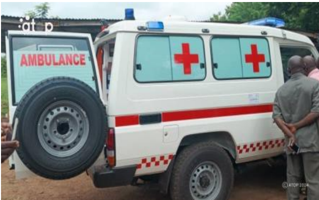
L'ambulance présentée au populations

Elavagnon, 3 oct. (ATOP) - Quatre formations sanitaires de l'Est-Mono (la polyclinique d'Elavagnon, l'hôpital de l'Ordre de Malte d'Elavagnon, les CMS de Nyamassila et de Morétan) ont bénéficié du matériel médical le mardi 1 er octobre dans la localité.
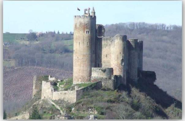
Doc.1 : Le château fort de Najac aujourd'hui

Le château fort est construit en général près d'un village, sur une butte naturelle ou artificielle pour voir de loin les attaquants arriver. Cette disposition permet aussi de rendre l'assaut plus difficile car les assaillants doivent monter une pente. Les premiers châteaux étaient construits en bois . Plus tard, on les bâtit en pierre et on les protégeait par des remparts.
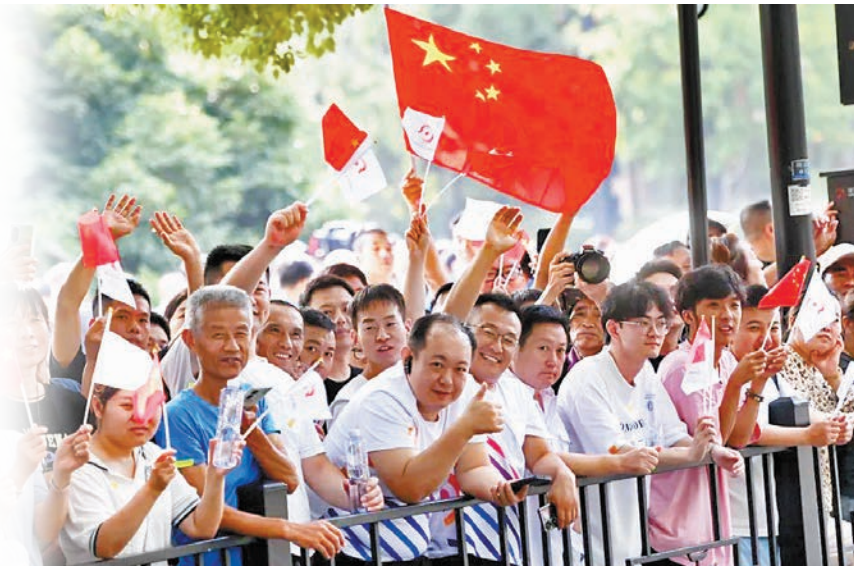
▲沿途擠滿了搖旗吶喊的熱情觀眾。

杭州站的火炬傳遞共有106名火炬手參與。傳遞路線主要圍繞着世界文化遺產杭州西湖，從涌金公園廣場出發，沿南山路—湖濱路—環城西路—北山街—西泠橋—孤山路進行，最後來到西湖十景之一的平湖秋月，傳遞線路全長5.2公里。
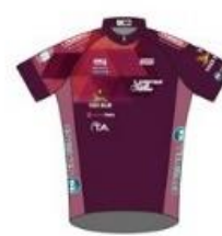
SPRINTEUR CLUB FÉMININ
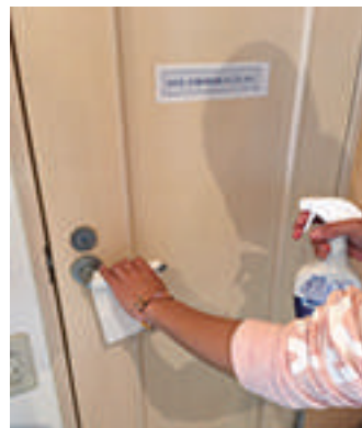
施設内の除菌清掃
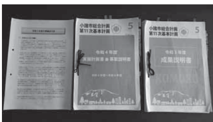
小諸市総合計画関係書類

施策1の子育て・教育分野は、人づくりであり、小諸の将来をつくる最重要政策で、希望に繋がる子どもが生きやすいまちは高齢者も障がい者にも優しく、誰にとっても生きやすいまちだ。この分野
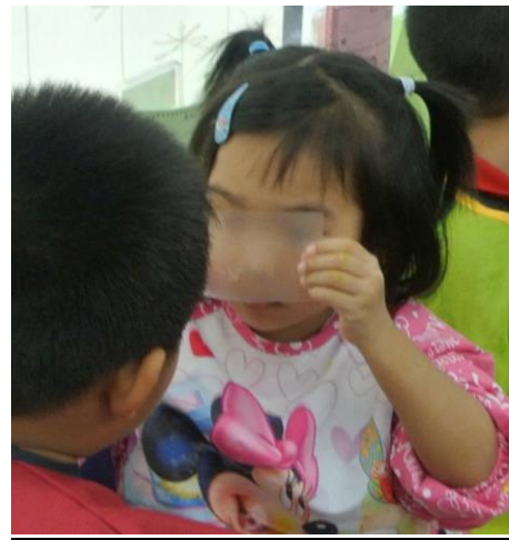
幼兒以膠片放在眼前並觀察對方的容貌。
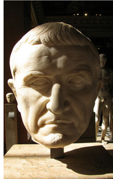
M. Licinio Craso
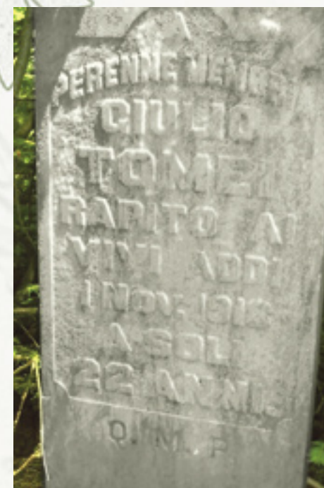
Pietra tombale di Giulio Tomei.
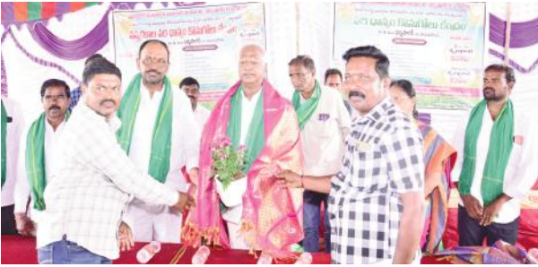
నవంబర్ 6 తేదీ నుంచి కుల గణన రాష్ట్రంలో సమగ్ర సర్వేకు అందరూ సహకరించాలి ధాన్యం కొనుగోలు కేంద్రాలను ప్రారంభించిన ఎమ్మెల్యే కడియం శ్రీహరి

ధర్మసాగర్ నవంబర్ 1 (మేజర్ న్యూస్) రైతుల సంక్షేమమే కాంగ్రెస్ ప్రభుత్వ లక్ష్యం అని మాజీ ఉప ముఖ్యమంత్రి స్టేషన్ ఘనపూర్ ఎమ్మెల్యే కడియం శ్రీహరి అన్నారు. ధర్మసాగర్ మండల కేంద్రంలో పిఎసిఎస్ ఆధ్వర్యంలో ధాన్యం కొనుగోలు కేంద్రాన్ని ప్రారంభించిన సందర్భంగా ఆయన మాట్లాడారు. రైతులు పండించిన ధాన్యం బివరి గింజ వరకు కొనుగోలు చేస్తామని అన్నారు. రైతులు పండించిన ధాన్యాన్ని కొనుగోలు కేంద్రాల్లోనే విక్రయించాలన్నారు. ధాన్యం ఏ గ్రేడ్ 2,320, బీ గ్రేడ్ 2,300, సన్నరకానికి అదనంగా 500 బోనస్ చెల్లిస్తామన్నారు. రైతులందరూ ఈ అవకాశాన్ని సద్వినియోగం చేసుకోవాలని కోరారు. రైతులకు 2 లక్షల ఏకకాలంలో రుణమాఫీ చేసిన ఘనత సీఎం రేవంత్ రెడ్డి గారికే దక్కుతోందన్నారు. గత ప్రభుత్వాలు ప్రభుత్వపరంగా రావాల్సిన సబ్సిడీలను అందించలేదని విమర్శించారు. గత బీఆర్ఎస్ ప్రభుత్వం 7 లక్షల కోట్లు అప్పు చేసి, రాష్ట్ర ఆర్థిక పరిస్థితిని దివాలా తీయించిందన్నారు. ఓ వైపు బీఆర్ ఎస్ చేసిన అప్పులకు వడ్డీలు కడుతూనే, మరో వైపు సంక్షేమ, అభివృద్ధి కార్యక్రమాలను చేపడుతున్నారని స్పష్టం చేశారు. దేశంలో ఎక్కడ లేని విధంగా కాంగ్రెస్ ప్రభుత్వం అధికారంలోకి వచ్చిన
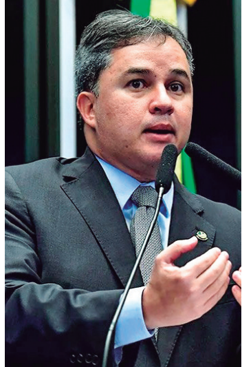
Senador Efraim Moraes

to, que varia de 1% a 4,5%, de acordo com o setor e serviço prestado.
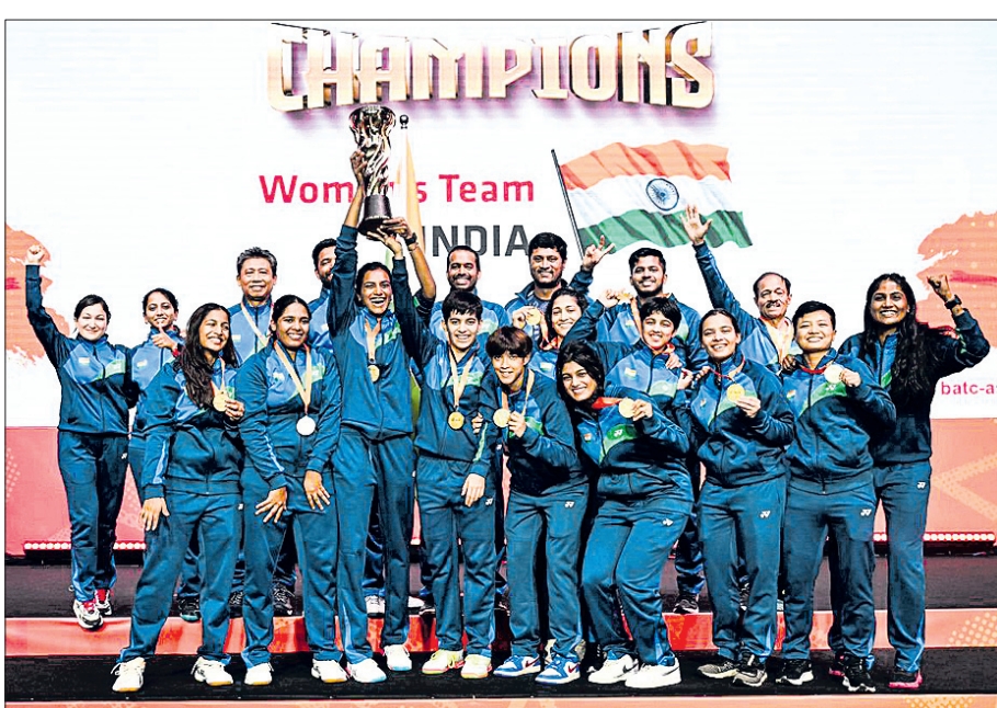
ଚୁପ୍ଟି ସହ ବ୍ୟାଡ୍ମିଣ୍ଟନ ଏସିଆ ଚିମ୍ପ ଚାମ୍ପିୟନଶିପ୍‌ର ଚାଇନେସ ବିଜେତା ଭାରତୀୟ ମହିଳା ଦଳ।

ଫସଲର ସର୍ବନିମ୍ନ ସହାୟକ ମୂଲ୍ୟ (ଏମ୍‌ଏସ୍‌ସି) ଉପରେ ଆଇନଗତ ଗ୍ୟାରେଣ୍ଟି ଦାବି ନେଇ ଚାଷୀ ଆନ୍ଦୋଳନ କରି ରହିବାବେଳେ ରବିବାର ରାତିରେ କେନ୍ଦ୍ରମନ୍ତ୍ରୀମାନଙ୍କ ଏକ କମିଟି କୃଷକ ନେତାମାନଙ୍କ ସହ ଚଞ୍ଚିଗଡ଼ରେ ଚତୁର୍ଥ ପର୍ଯ୍ୟାୟ ଆଲୋଚନା କରିଛନ୍ତି। ଏଥିରେ କେନ୍ଦ୍ର କୃଷି ଓ କୃଷକ କଲ୍ୟାଣ ମନ୍ତ୍ରୀ ଅର୍ଜୁନ ମୂଷା, ବାଣିଜ୍ୟ ଓ ଶିଳ୍ପମନ୍ତ୍ରୀ ପାଠ୍ୟଶ୍ରୀ ଗୋୟଲ ଏବଂ ସ୍ୱଚ୍ଛ ଚାଷୀମନ୍ତ୍ରୀ ନିତ୍ୟାନନ୍ଦ ରାୟ ଯୋଗ ଦେଇଥିଲେ। ଆଲୋଚନା ପରେ ଗୋୟଲ କହିଛନ୍ତି, ସମବାୟ ସମିତିରୁ ଫସଲ କିଣିବା ପାଇଁ ସରକାରଙ୍କ ସହ ୫ ବର୍ଷ ପାଇଁ ଚୁକ୍ତିବଦ୍ଧ ହେବେ। ଚାଷୀନେତାଙ୍କ ସହ ଆଲୋଚନା ସକାରାତ୍ମକ ରହିଛି। ସରକାରଙ୍କ ଏହି ପ୍ରସ୍ତାବ ଉପରେ ସୋମବାର ଚାଷୀନେତା ସେମାନଙ୍କ ନିଷ୍ପତ୍ତି ଶୁଣାଇବେ ବୋଲି ଗୋୟଲ କହିଛନ୍ତି।
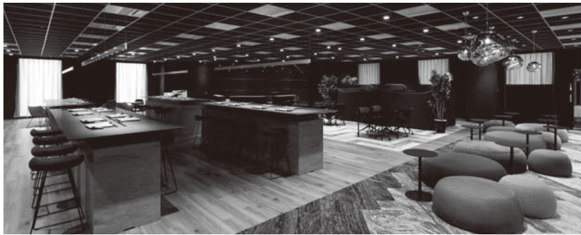
図1 | サテライトオフィス「@Terrace」の内観 東京・八重洲に新設されたサテライトオフィス「@Terrace」は、日立グループの全従業員が利用できる。

フィス「Biz Terrace（ビズテラス）」を開設した。日立のオフィスと同等のセキュリティ環境を備えた、利用登録したビジネスユニット・部門、グループ会社が使用可能な会員制のサテライトオフィスであり、2018年3月時点で8拠点、1日当たりの利用者は延べ2,000人を超えている。
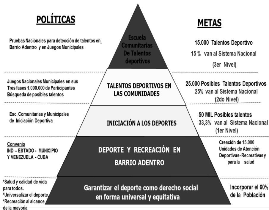
Figura 2. Ministerio del Poder Popular para el Deporte (MPPD, 2006)

Por otro lado, en el Plan Nacional de Deporte, Actividad Física y Educación Física 2013-2025 (2012), se enfoca, la directriz central de Venezuela como Potencia Deportiva del Siglo XXI basándose para ello en la masificación de la Educación Física, la Actividad Física y el Deporte en beneficio de toda la población y la Tecnificación del Deporte de Alto Rendimiento. Con (Ley Orgánica de Deporte, Actividad Física y Educación Física, 2011) se inicia un proceso de transformación en la promoción, organización y administración del deporte y la actividad física como servicios públicos, reconociéndolos como derecho fundamental de los ciudadanos y ciudadanas y como un deber social de Estado.
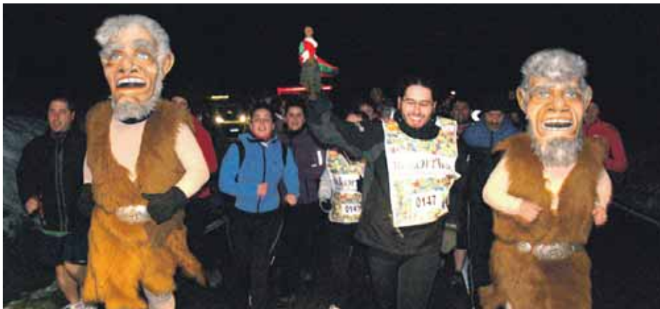
147 km. Orritz dantza taldea.
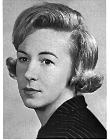
WEISBROD-ZÜRCHER AG HAUSEN a.A.

Full length evening gown in white "Lascara" pure spun viscose, with navy blue shawl and white flowers.
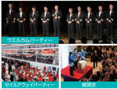
ウェルカムパーティー
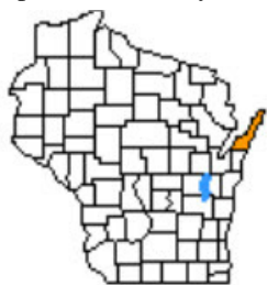
Staten Wisconsin med Door County (gul farge)
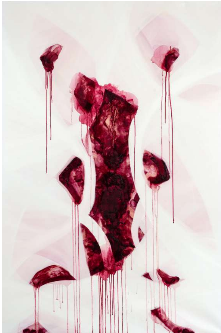
Pectoralis I ulje na platnu 150 x 100cm, 2023.
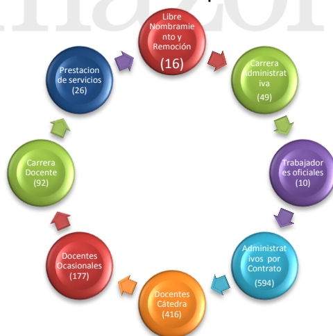
Grafico No. 1 Corte a Septiembre de 2025
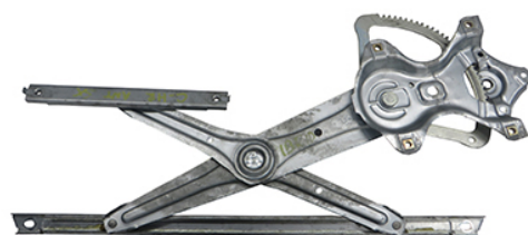
ORIGINAL POWER WINDOW LEFT ALZACRISTALLI ELETTRICO ORIGINALE SX
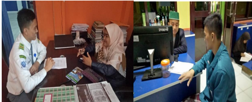
Gambar 2. Proses Berlangsungnya Wawancara

Di dalam program keunggulan keagamaan yang dilaksanakan di MAN Insan Cendekia Jambi terdapat beberapa kegiatan seperti tahfidz qur'an, tafsir hadist, shalat berjemaah, shalat tahajud, shalat dhuha, puasa sunnah, kajian fikih, kultum, pembinaan rohani, pembinaan kitab kuning, pembinaan imam dan pembinaan khatib jum'at . Sesuai dengan hasil wawancara dengan NM, yang menyebutkan kegiatan-kegiatan yang ada didalam program unggulan keagamaan:
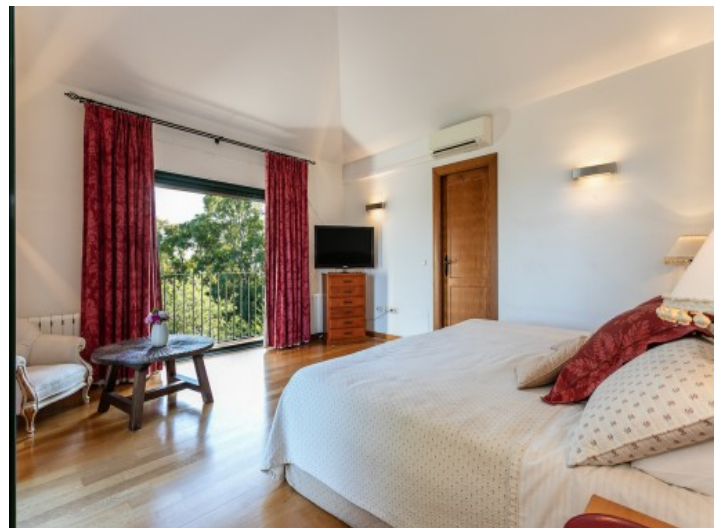
Gemütliches Schlafzimmer mit Doppelbett

Alle Angaben nach bestem Wissen. Irrtum und Zwischenverkauf vorbehalten. Dieses Exposé ist eine Vorinformation, als Rechtsgrundlage gilt allein der notariell abgeschlossene Kaufvertrag.
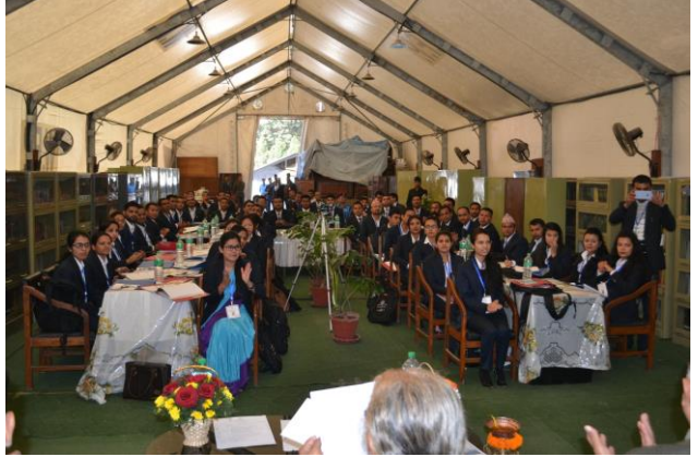
नवप्रवेशी न्याय सेवाका रा.प. तृतीय श्रेणीका अधिकृतहरूको तीन महिने तालिमको उद्घाटन समारोह

प्रशिक्षण कार्यक्रमको मुख्य उद्देश्य नवनियुक्त अधिकृतहरूलाई पदस्थापन भएको कार्यालयमा जिम्मेवारी सम्हाल्न जानुभन्दा अगावै कार्य सञ्चालनको सिलसिलामा आवश्यक पर्ने विभिन्न आधारभूत ज्ञान र व्यावहारिक सीप सिकाउने रहेको थियो। नेपाल सरकारको विभिन्न सेवाका अप्राविधिक तर्फका अधिकृतहरूका लागि सेवाप्रवेश प्रशिक्षण कार्यक्रमको अवधि ६ महिना बनाई सकिएको र यसलाई क्रमशः एक वर्ष पुऱ्याउने कार्यक्रम
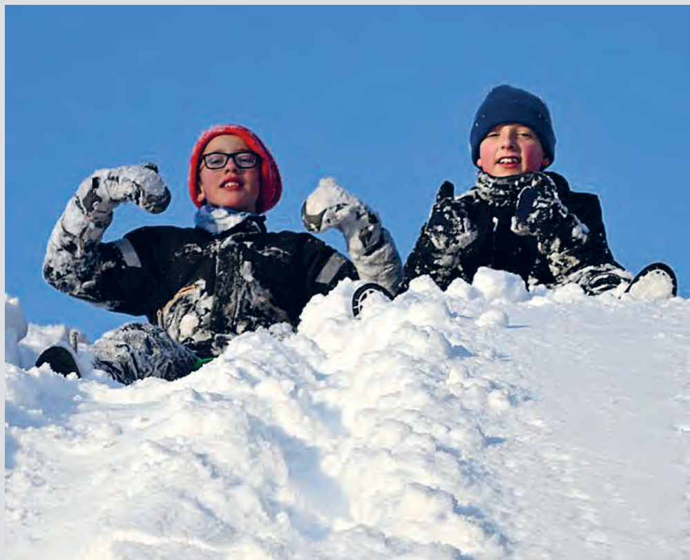
Tweens Aure hadde i februar en dagsleir på Søvassli.
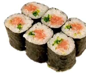
ねぎとろ巻 (NEGITORO) ¥660 金枪鱼泥卷 파 다진참치 Fatty tuna & welsh onion
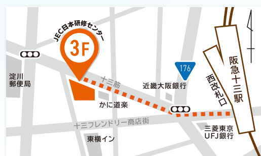
JEC日本研修センター 十三 阪急電鉄十三駅西口から徒歩3分
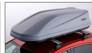
TRANSPORTBOX „TOURING 200“ VON THULE C815-V4-705
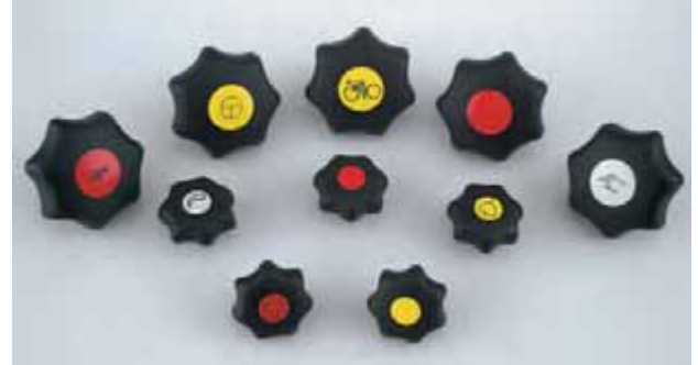
Exemples de réalisation des pastilles
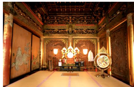
日光東照宮 将軍着座の間(イメージ)
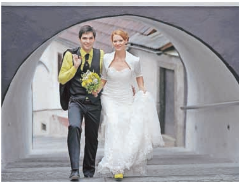
Mladoporočenca sta doma v tisočletni Škofji Loki, po kateri sta se sprehodila tudi na poročni dan.

Slovenski express seveda trajala, dokler se v nedeljo ni začelo daniti, mladoporočenca pa sedaj načrtujeta še poročno potovanje.
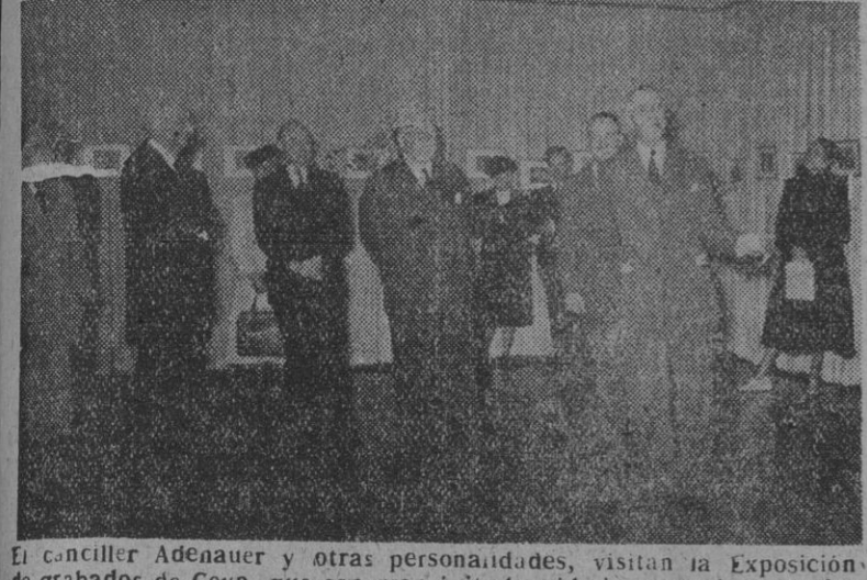
El canceller Adenauer y otras personalidades, visitan la Exposición de grabados de Goya, que con gran éxito ha sido inaugurada en Berlín
-------------------------
EXERCISE DIRECTIONS. Copy each line in the entries above where the word "fort" shows up.

SOLUTION FOR THIS PROBLEM.
Doc.1 : Le château fort de Najac aujourd'hui
Le château fort est construit en général près d'un village, sur une butte naturelle ou artificielle pour voir de loin les attaquants arriver. Cette disposition permet aussi de rendre l'assaut plus difficile car les assaillants doivent monter une pente. Les premiers châteaux étaient construits en bois . Plus tard, on les bâtit en pierre et on les protégeait par des remparts.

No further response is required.